• Your instructions: This exercise calls for the records to be returned exactly, with images removed.

• Provided records:
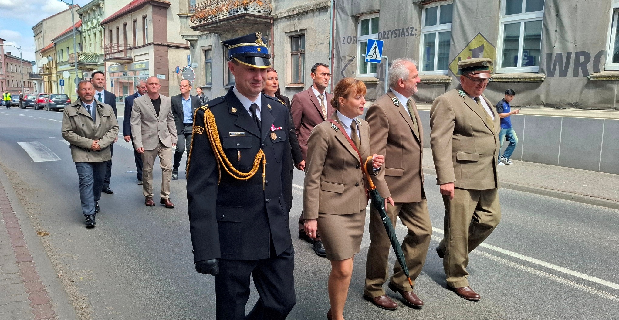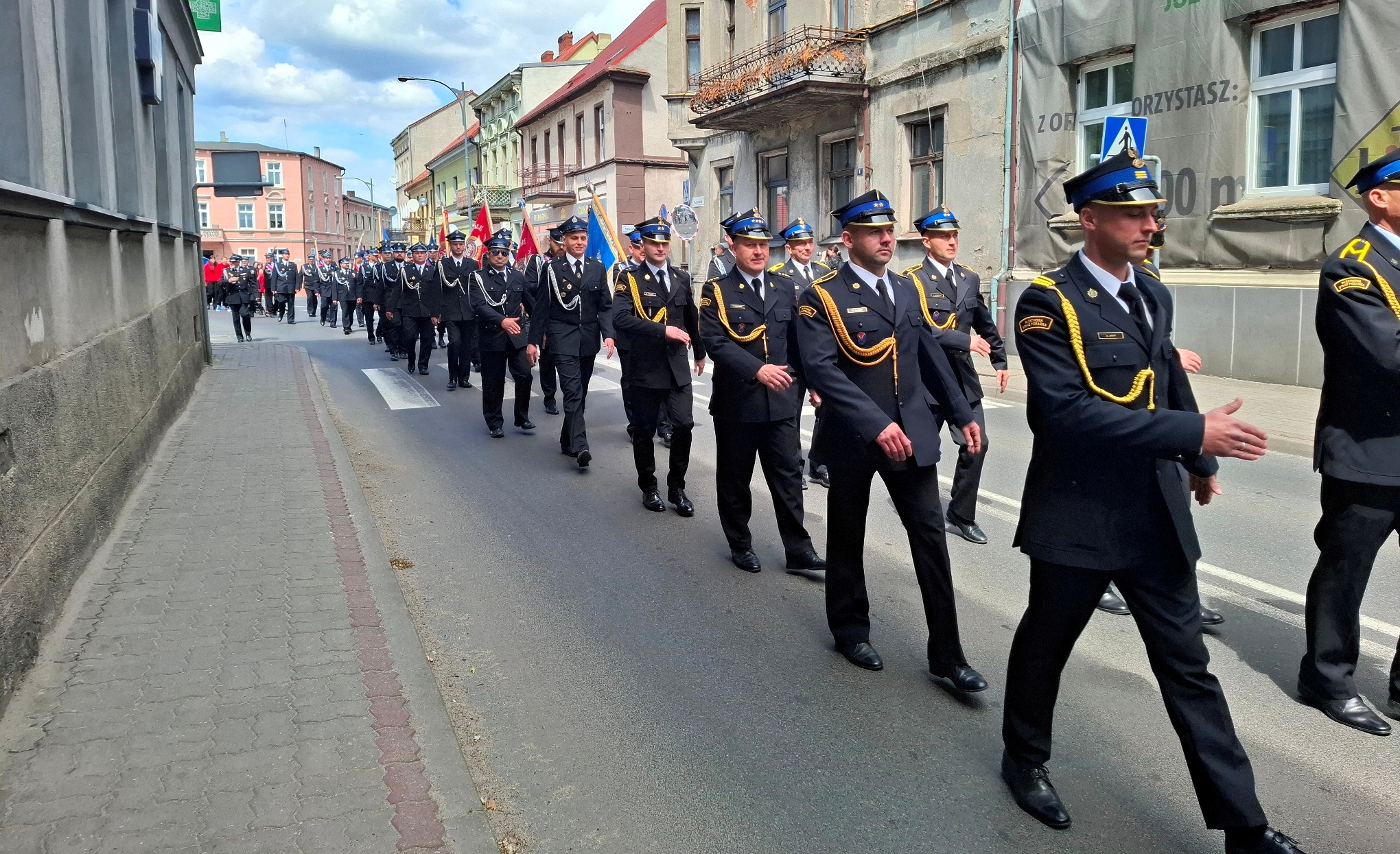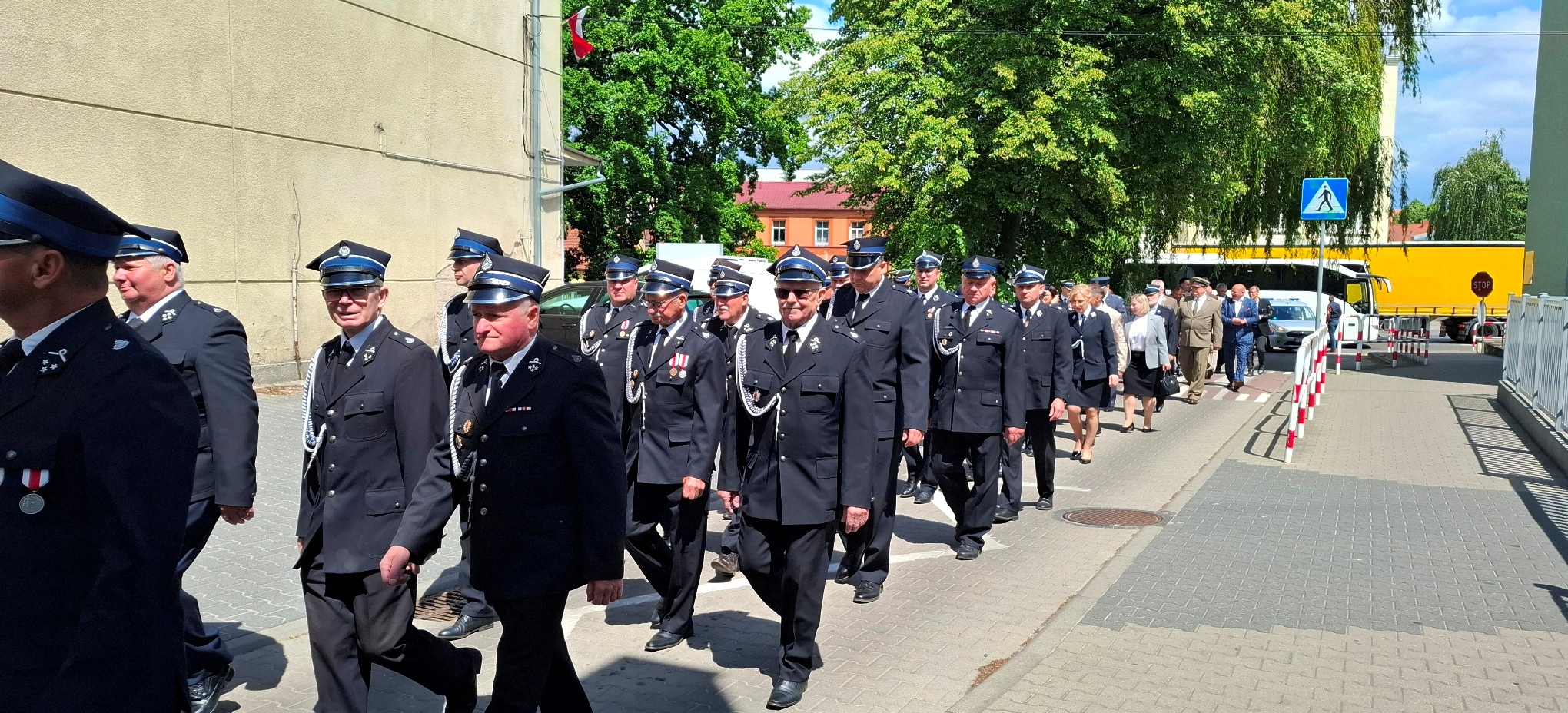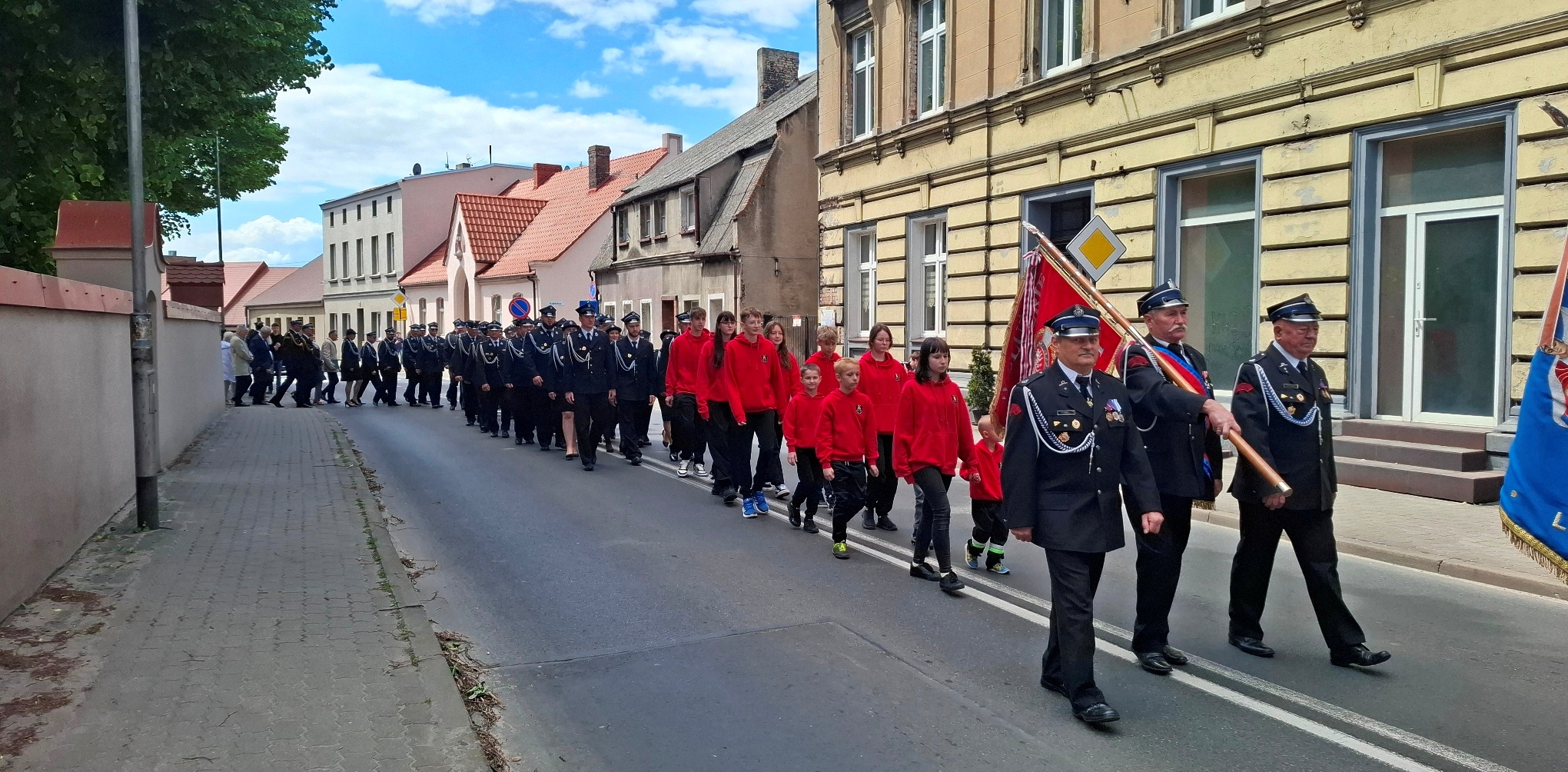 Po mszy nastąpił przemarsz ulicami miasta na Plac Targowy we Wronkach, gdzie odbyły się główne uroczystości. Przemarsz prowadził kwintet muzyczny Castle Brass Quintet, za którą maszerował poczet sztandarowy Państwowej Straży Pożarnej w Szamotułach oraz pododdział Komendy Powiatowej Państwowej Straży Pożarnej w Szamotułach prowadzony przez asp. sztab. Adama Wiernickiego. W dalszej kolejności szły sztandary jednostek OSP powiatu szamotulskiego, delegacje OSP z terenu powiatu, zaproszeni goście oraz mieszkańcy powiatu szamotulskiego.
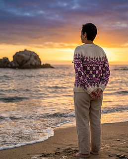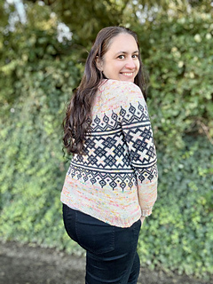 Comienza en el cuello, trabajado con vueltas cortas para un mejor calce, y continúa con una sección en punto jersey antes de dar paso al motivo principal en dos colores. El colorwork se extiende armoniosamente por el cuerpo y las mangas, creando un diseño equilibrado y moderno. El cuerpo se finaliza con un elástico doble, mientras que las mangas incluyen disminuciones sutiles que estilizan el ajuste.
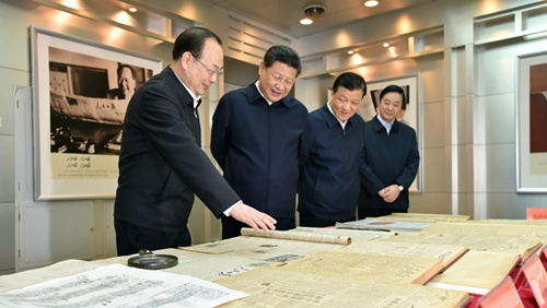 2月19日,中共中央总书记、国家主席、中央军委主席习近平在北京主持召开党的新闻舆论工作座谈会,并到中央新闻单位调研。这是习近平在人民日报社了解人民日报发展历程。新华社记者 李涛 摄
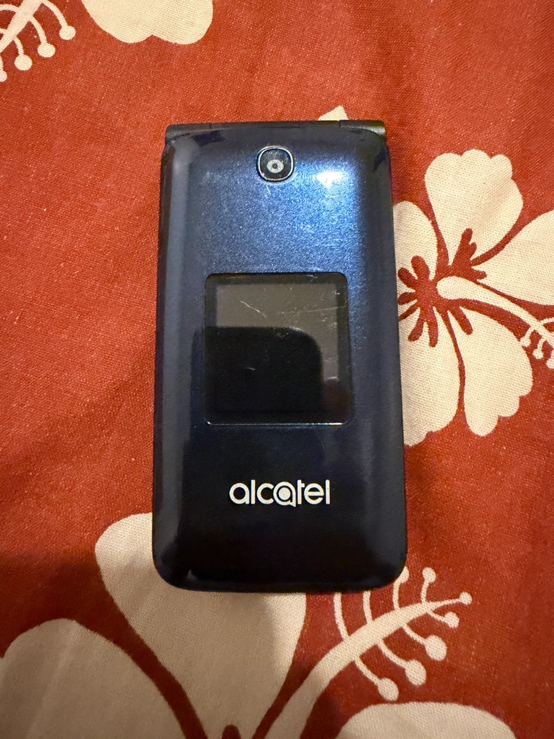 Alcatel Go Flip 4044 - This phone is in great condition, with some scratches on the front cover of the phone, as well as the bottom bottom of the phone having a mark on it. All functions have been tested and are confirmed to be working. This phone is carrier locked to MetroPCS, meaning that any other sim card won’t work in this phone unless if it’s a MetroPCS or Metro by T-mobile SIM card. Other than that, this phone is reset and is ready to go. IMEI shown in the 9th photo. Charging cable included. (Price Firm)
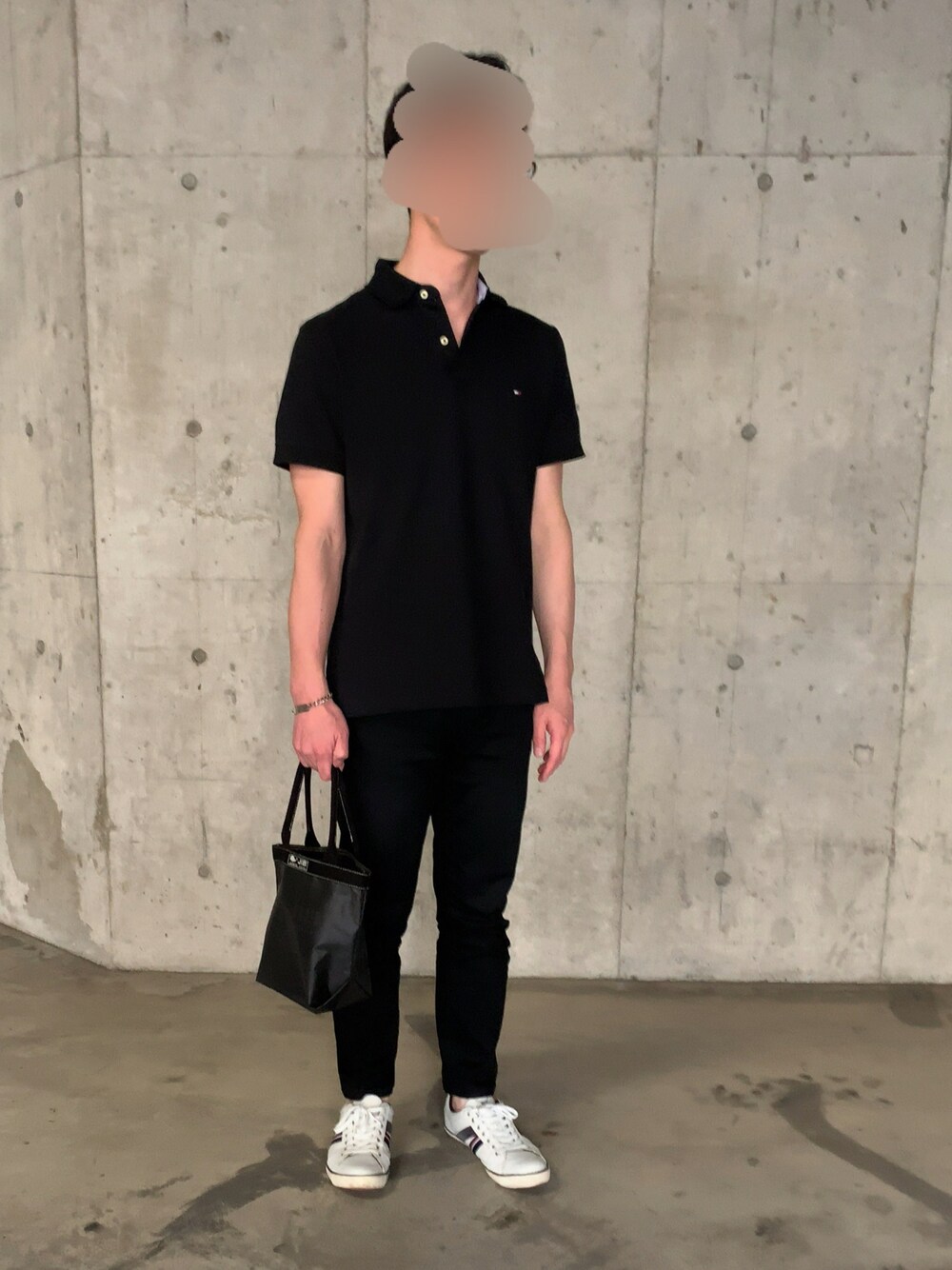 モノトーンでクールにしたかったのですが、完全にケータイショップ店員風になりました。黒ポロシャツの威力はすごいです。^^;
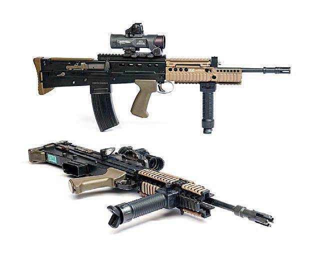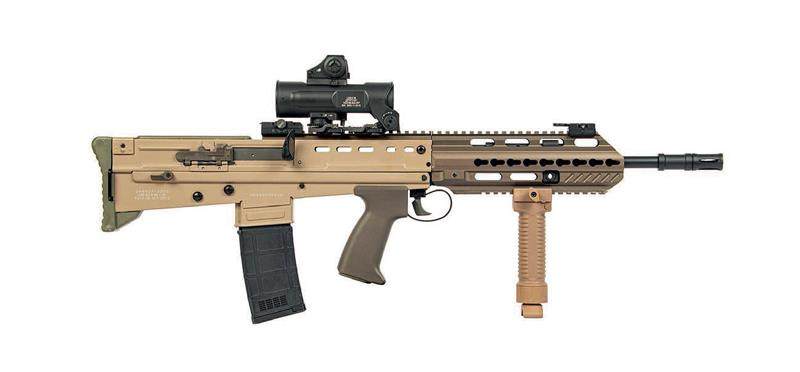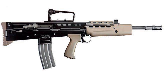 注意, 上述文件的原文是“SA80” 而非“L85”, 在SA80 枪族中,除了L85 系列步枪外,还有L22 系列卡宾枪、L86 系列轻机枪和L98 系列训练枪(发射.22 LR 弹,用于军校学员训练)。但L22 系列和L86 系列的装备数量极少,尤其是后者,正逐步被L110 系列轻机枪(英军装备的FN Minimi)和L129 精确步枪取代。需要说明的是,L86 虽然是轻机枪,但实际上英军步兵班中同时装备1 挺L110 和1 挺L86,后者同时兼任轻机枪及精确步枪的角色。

• Exercise solution:
 Po mszy nastąpił przemarsz ulicami miasta na Plac Targowy we Wronkach, gdzie odbyły się główne uroczystości. Przemarsz prowadził kwintet muzyczny Castle Brass Quintet, za którą maszerował poczet sztandarowy Państwowej Straży Pożarnej w Szamotułach oraz pododdział Komendy Powiatowej Państwowej Straży Pożarnej w Szamotułach prowadzony przez asp. sztab. Adama Wiernickiego. W dalszej kolejności szły sztandary jednostek OSP powiatu szamotulskiego, delegacje OSP z terenu powiatu, zaproszeni goście oraz mieszkańcy powiatu szamotulskiego.
 Comienza en el cuello, trabajado con vueltas cortas para un mejor calce, y continúa con una sección en punto jersey antes de dar paso al motivo principal en dos colores. El colorwork se extiende armoniosamente por el cuerpo y las mangas, creando un diseño equilibrado y moderno. El cuerpo se finaliza con un elástico doble, mientras que las mangas incluyen disminuciones sutiles que estilizan el ajuste.
 2月19日,中共中央总书记、国家主席、中央军委主席习近平在北京主持召开党的新闻舆论工作座谈会,并到中央新闻单位调研。这是习近平在人民日报社了解人民日报发展历程。新华社记者 李涛 摄
 Alcatel Go Flip 4044 - This phone is in great condition, with some scratches on the front cover of the phone, as well as the bottom bottom of the phone having a mark on it. All functions have been tested and are confirmed to be working. This phone is carrier locked to MetroPCS, meaning that any other sim card won’t work in this phone unless if it’s a MetroPCS or Metro by T-mobile SIM card. Other than that, this phone is reset and is ready to go. IMEI shown in the 9th photo. Charging cable included. (Price Firm)
 モノトーンでクールにしたかったのですが、完全にケータイショップ店員風になりました。黒ポロシャツの威力はすごいです。^^;
 注意, 上述文件的原文是“SA80” 而非“L85”, 在SA80 枪族中,除了L85 系列步枪外,还有L22 系列卡宾枪、L86 系列轻机枪和L98 系列训练枪(发射.22 LR 弹,用于军校学员训练)。但L22 系列和L86 系列的装备数量极少,尤其是后者,正逐步被L110 系列轻机枪(英军装备的FN Minimi)和L129 精确步枪取代。需要说明的是,L86 虽然是轻机枪,但实际上英军步兵班中同时装备1 挺L110 和1 挺L86,后者同时兼任轻机枪及精确步枪的角色。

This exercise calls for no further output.